In 2018, I was awarded my first Michelin star in Xàbia, in Alicante. Then, I continued my career in Murcia, where I got my second Michelin star at Odiseo, a leisure center in Murcia.

If you want to get a Michelin star, you should have desire, perseverance, high professionalism, and, above all, great individuality. You must have something very personal. At Odiseo, in order to receive a Michelin star, we worked on a seafood menu with completely new technologies that we developed ourselves. The management liked our gastronomic offering. And here we go!

But well, now I am in Andorra. First of all, I am very excited about Andorra. The Andorrans have received me very well. Before, I didn’t know anything about Andorran cuisine. I didn’t even know about Andorra! But they welcomed me with open arms. So there’s a lot of things to do, but there’s also a lot of things to learn…

To surprise Andorra, I have something exclusive.
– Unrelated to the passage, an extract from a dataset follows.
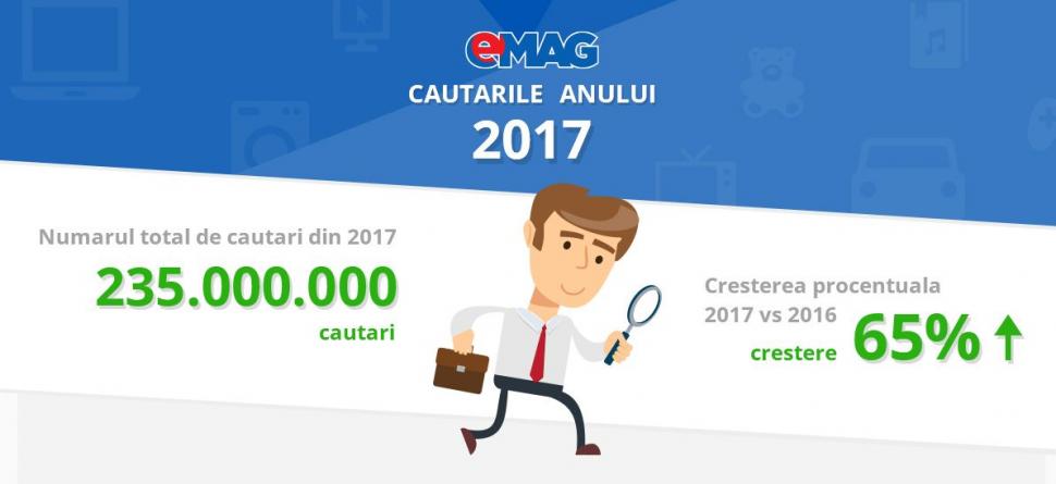 Numărul căutărilor pe eMAG a crescut cu 65% în 2017, comparativ cu anul trecut și a ajuns la 235.000.000. Cuvântul care a înregistrat cea mai mare creștere a numărului de căutări a fost kendama.

I have a grilled fish ceviche (normally ceviche is not grilled). Or what about a grilled rooster with an onion and tiger’s milk? It’s delicious!
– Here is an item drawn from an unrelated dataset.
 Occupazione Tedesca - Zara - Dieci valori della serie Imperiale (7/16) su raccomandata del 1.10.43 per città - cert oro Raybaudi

Basically, I’ve always wanted to move away from Mediterranean cuisine, which I’m an expert in, to game dishes, because my mother comes from a region where they love to cook game dishes. Therefore, venison with truffles is also one of my exclusive dishes.

Finally, my signature piglet, which I have been cooking for 20 years – this is a piglet that is candied very slowly and then fried so it becomes very crispy on the outside.
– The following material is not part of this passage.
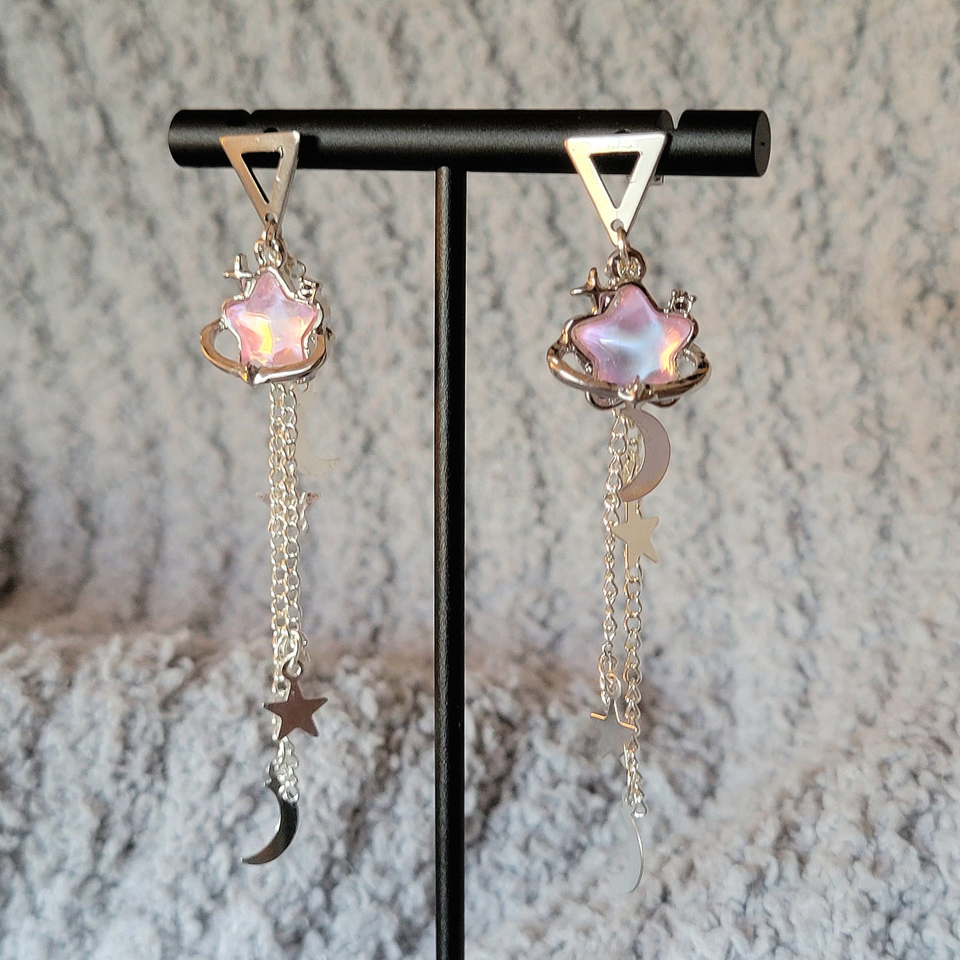 (Silver) Stainless steel triangle posts with powdered pink star charms followed by silver celestial chain.

Many years ago I lived in Lima. That’s why I practice Peruvian cuisine. I also practice Japanese and American cuisine (American hamburgers, ribs, etc.).

I think that here in Andorra, I can offer the customers much more – not merely good cuisine.

The UNNIC is an establishment for every kind of pocket. There will be four restaurants here: the Sports Bar, the Red Bar, the Show Dinner, and the Restaurant located on the top floor of the building.

Let’s start from the top, where there is the Restaurant with rice, grill, etc. – a good balanced menu to start. Now let´s go down one floor to the Show Dinner, where there will be a live show with some spectacular dancers and where you can have a perfect dinner at the same time.

We continue going down and we come to the Red Bar, a mix between Japanese and Peruvian cuisine, where we can enjoy a bit of those ceviches, sushis, makis, etc.

And finally, there is a Sports Bar with lower-priced American hamburgers, etc. for more informal occasions.

I know molecular cuisine as well. But it’s not what I use most of all. Here we will work mostly with local products which are well known to local customers, but at the same time we’ll be able to surprise him.

Haute cuisine for me is everything that is done very well. Rice or grilled dishes made well and with love can also be “haute cuisine.” In other words, haute cuisine is not the number of Michelin stars, but good quality products used with great professionalism and love. UNNIC restaurants can be a great example of haute cuisine. Yes! Why not?

The secret of a successful kitchen is a eating joint. The eating joint is what drives you up and down, right and left. So this is the most important part of any project and the best culinary guide.

My inspiration depends on a region. For example, now, being in Andorra, I thought what a miracle it would be to open a restaurant here with only mountain cuisine. A very small one with only game dishes, mushrooms, truffles, etc. on its menu. And all dishes must be cooked only on a wood-burning stove. And it should be only gourmet mountain cuisine. That’s what inspires me. Have you ever been to Scandinavian restaurants? There are animal skins all over the place! Places like this inspire me a lot…”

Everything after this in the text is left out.